Greenlandic 'Qanga' exhibit explores early life in the Arctic through novel installation

Daily News correspondentNovember 14, 2013 

  • Qanga: Drawing the Past

    On view: Nov. 17 to Jan. 12, 2014, from 10 a.m. to 6 p.m. Tues.-Sat., 12 to 6 p.m. Sun., closed Mondays
    Cost: $10-$15 for adults, $7 for children ages 3-12, free for children 2 years and younger
    Location: Anchorage Museum, 625 C Street

Maybe you've seen the pages of a graphic novel given new life in a movie theater or on a television screen, but have you have stepped inside the pages? That's the impression the curators of "Qanga: Drawing the Past" hope to convey when the exhibit opens Sunday at the Anchorage Museum.

The exhibit draws upon the watercolors Greenlandic artist Nuka Godtfredsen created for a series of graphic novels depicting the history of early human settlement in Greenland.
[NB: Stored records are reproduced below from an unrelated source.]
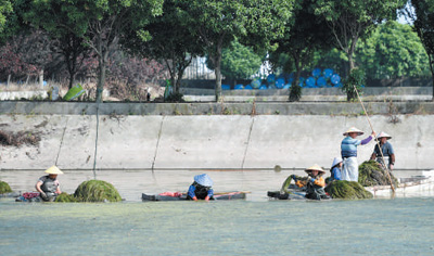湖南省益阳市,工人在大通湖水生植物产业示范园内采收水草。大通湖地处洞庭湖腹地,近年来,当地已完成湖内水生植被修复五期工程,面积达6.7万亩。
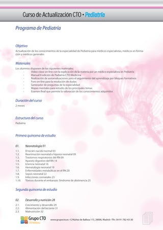 Este documento presenta un curso de actualización en pediatría de 2 meses de duración. El curso se divide en cuatro quincenas de estudio que cubren temas como neonatología, desarrollo y nutrición, aparatos respiratorio y digestivo, hemato-oncología, enfermedades infecciosas, síndrome de muerte súbita del lactante, maltrato infantil y calendario vacunal. Los estudiantes tienen acceso a videos, manuales, foros y evaluaciones para aprender sobre la especialidad.
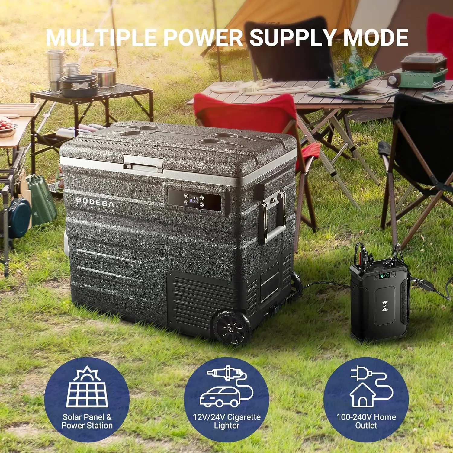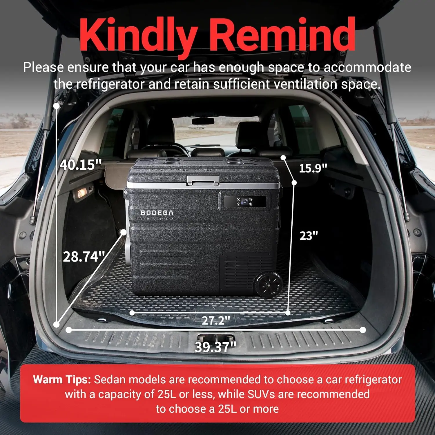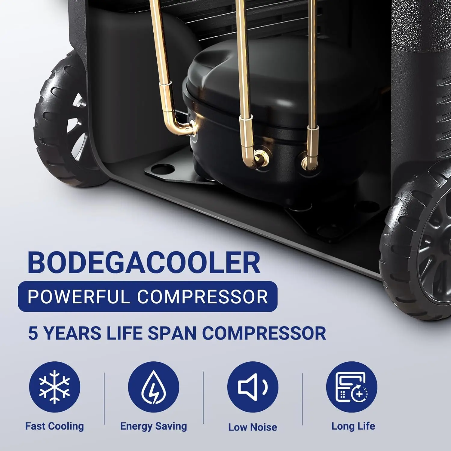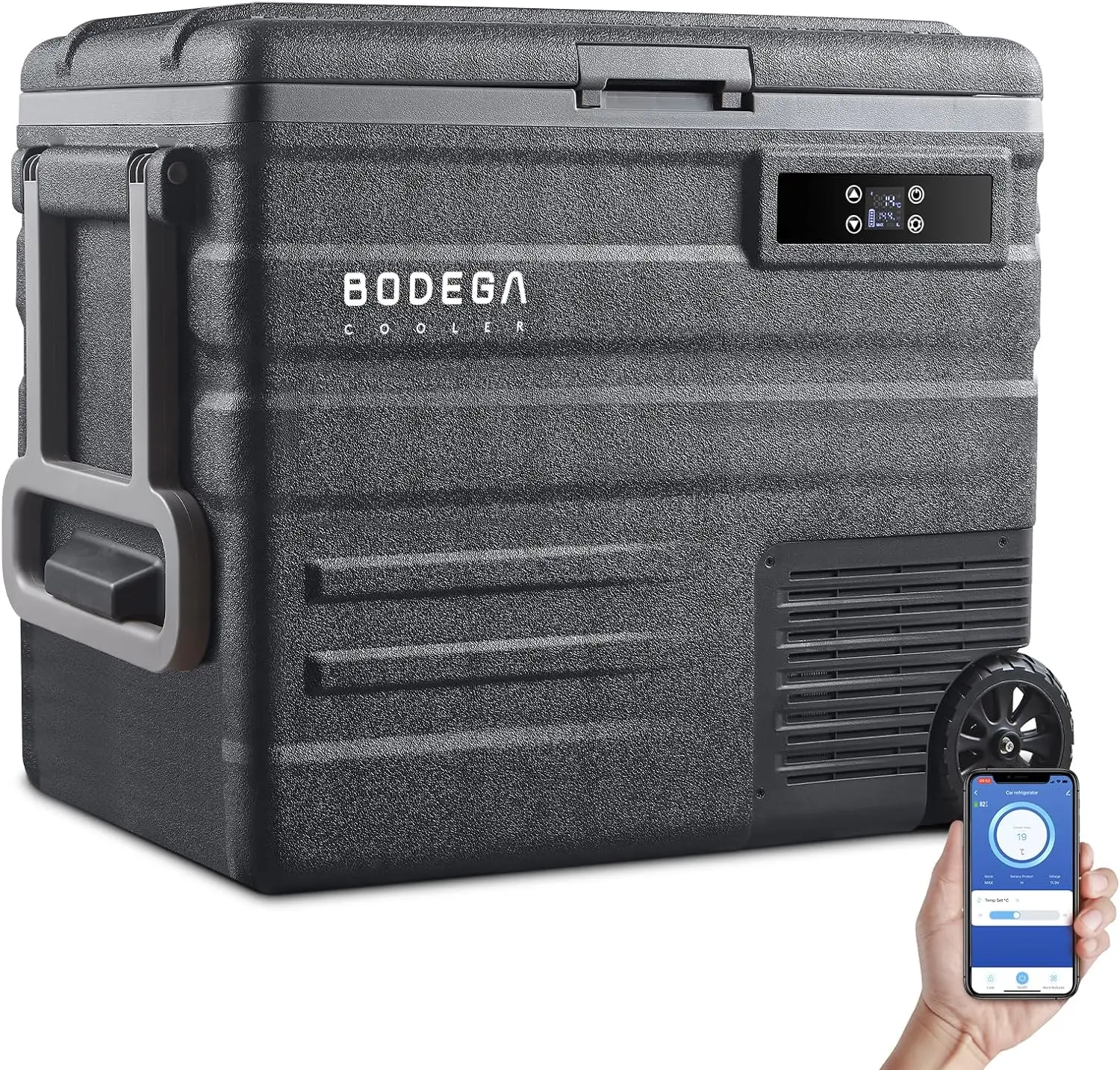 ·APP CONTROL & VOLTAGE PROTECTION:Upgraded WiFi connection car refrigerator. BODEGACOOLER car fridge with APP control, you can control the freezer from distance or in car.Intelligent temperature control function to meet the required temperature of various ingredients. H/M/L 3-level low-voltage protection:When the measured DC voltage falls below the cut-off value, the compressor will off to prevent the vehicle from running out of power.

The graphic novels came after the success of a coffee table book published by the Greenland National Museum and Archive and the National Museum of Denmark, which offered insights into Arctic prehistory based on newly discovered archaeological evidence.

The book proved popular, but Bjarne Grønnow, a Danish research professor and part of the team of archeologists who produced the text, explained in an email to Play that the traditional format of the book failed to reach the attention of the youth in Greenland.

"As several researchers at SILA -- the Greenland Research Centre at the Ethnographic Collections -- are 'cartoon-nerds,' we got the idea that creating a graphic novel was a new and promising way to reach our 'missing' audience," Grønnow explained.

The first two of a planned four volumes have been published in Greenlandic, Danish and English: "The First Steps" and "The Ermine." The focus is on what Grønnow calls four "tipping points" in Greenland's history: the arrival of humans 4,000 years ago, "the cultural meeting between the last of the palaeo-Eskimos (Tunit) with the first Inuit about 1,000 years ago," colonization and trade with European whalers in the 18th century, and contact with Norse explorers.

But for the "Qanga" exhibit, Grønnow collaborated with Godtfredsen and fellow researcher Martin Appelt to create an experience that's perhaps more felt than studied, presenting watercolors from the graphic novels with music and soundscapes created specifically for the exhibit by Kristian Harting and Lill Rastad Bjørst.

Grønnow explained that the idea was to remove the artwork from the narrative framework and instead focus on the novels' themes "in an attempt to make the illustrations tell new stories and emphasize their artistic aspects rather than their didactive/pedagogic aspects, which are emphasized in the volumes."

Having first been presented in Copenhagen and Reykjavik, Iceland, "Qanga" will appear outside of Scandinavia for the first time Sunday, and Grønnow will offer insights into the exhibit in a lecture at the Anchorage Museum at 6:30 p.m. Friday.

"We hope that the general public will sense the deep layers of Greenlandic culture and history," Grønnow explained. "A combination of science and art can produce unexpected, unusual and interesting results that are not direct 'learnings,' but rather impressions of Arctic life worlds."